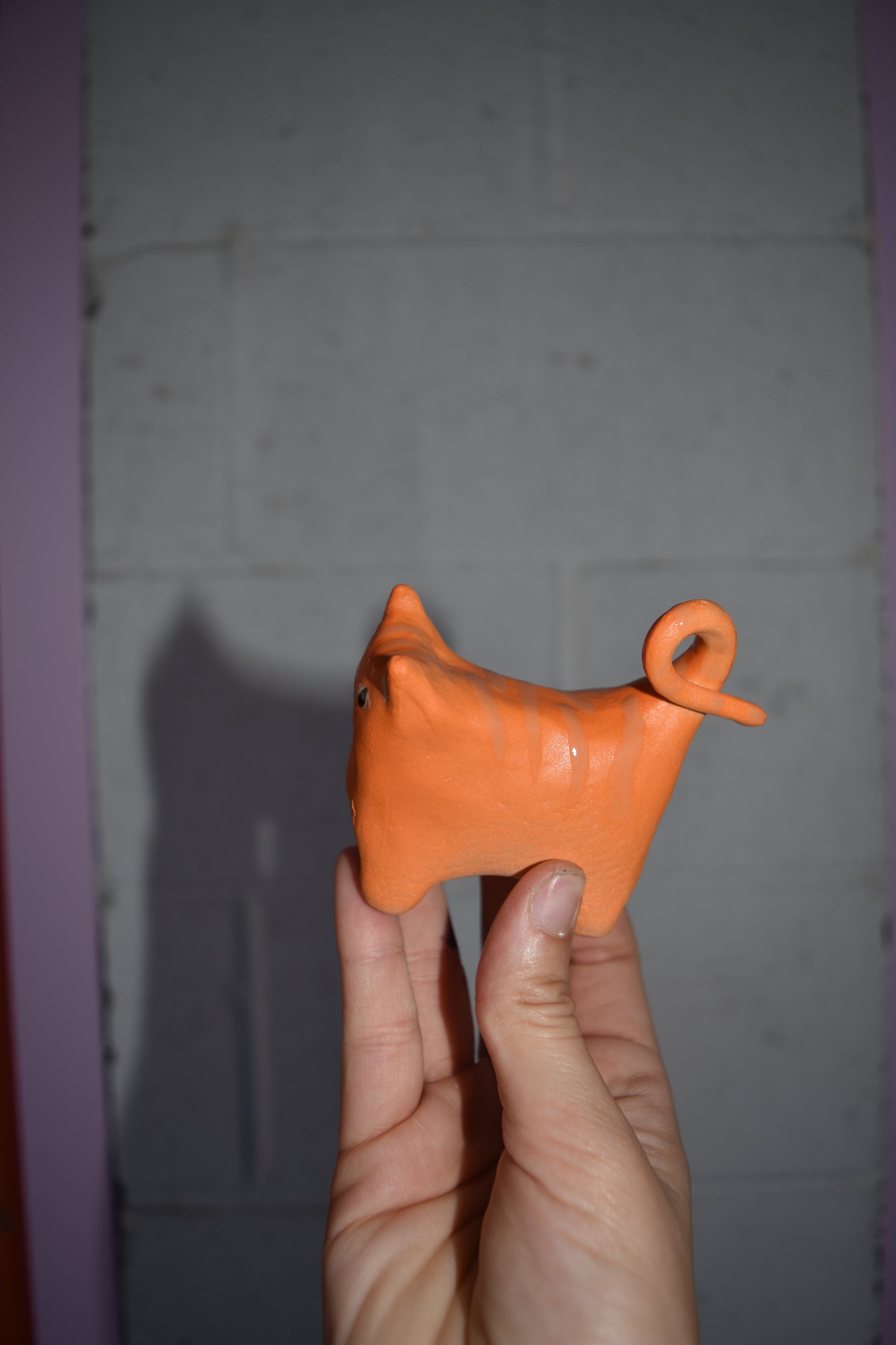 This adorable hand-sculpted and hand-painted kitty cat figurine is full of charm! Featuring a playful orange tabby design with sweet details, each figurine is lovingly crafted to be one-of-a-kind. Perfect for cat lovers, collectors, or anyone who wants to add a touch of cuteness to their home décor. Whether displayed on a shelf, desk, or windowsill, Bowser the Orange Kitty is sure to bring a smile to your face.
* * * * *
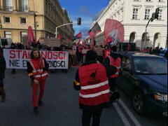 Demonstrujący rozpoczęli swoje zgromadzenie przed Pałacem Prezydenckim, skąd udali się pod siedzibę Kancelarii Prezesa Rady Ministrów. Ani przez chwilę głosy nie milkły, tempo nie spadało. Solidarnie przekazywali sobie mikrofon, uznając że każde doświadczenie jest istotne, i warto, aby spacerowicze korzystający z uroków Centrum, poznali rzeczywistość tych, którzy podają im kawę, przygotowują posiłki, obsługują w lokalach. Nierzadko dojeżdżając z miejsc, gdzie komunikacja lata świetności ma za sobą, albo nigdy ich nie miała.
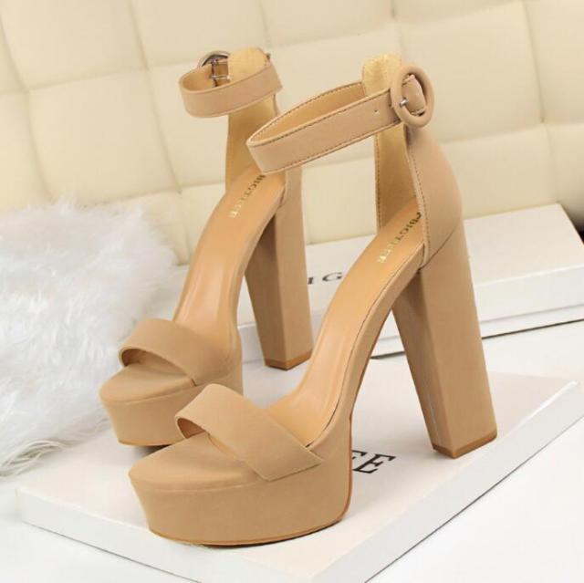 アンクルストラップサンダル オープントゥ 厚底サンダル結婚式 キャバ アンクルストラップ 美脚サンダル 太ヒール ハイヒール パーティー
* * * * *
TRY IT:
Give again, exactly as written above, every line from the one holding "Demonstrujący rozpoczęli swoje" to the one holding "アンクルストラップサンダル オープントゥ 厚底サンダル結婚式", with both ends kept and the pictures left out.

SOLUTION:
 Demonstrujący rozpoczęli swoje zgromadzenie przed Pałacem Prezydenckim, skąd udali się pod siedzibę Kancelarii Prezesa Rady Ministrów. Ani przez chwilę głosy nie milkły, tempo nie spadało. Solidarnie przekazywali sobie mikrofon, uznając że każde doświadczenie jest istotne, i warto, aby spacerowicze korzystający z uroków Centrum, poznali rzeczywistość tych, którzy podają im kawę, przygotowują posiłki, obsługują w lokalach. Nierzadko dojeżdżając z miejsc, gdzie komunikacja lata świetności ma za sobą, albo nigdy ich nie miała.
 アンクルストラップサンダル オープントゥ 厚底サンダル結婚式 キャバ アンクルストラップ 美脚サンダル 太ヒール ハイヒール パーティー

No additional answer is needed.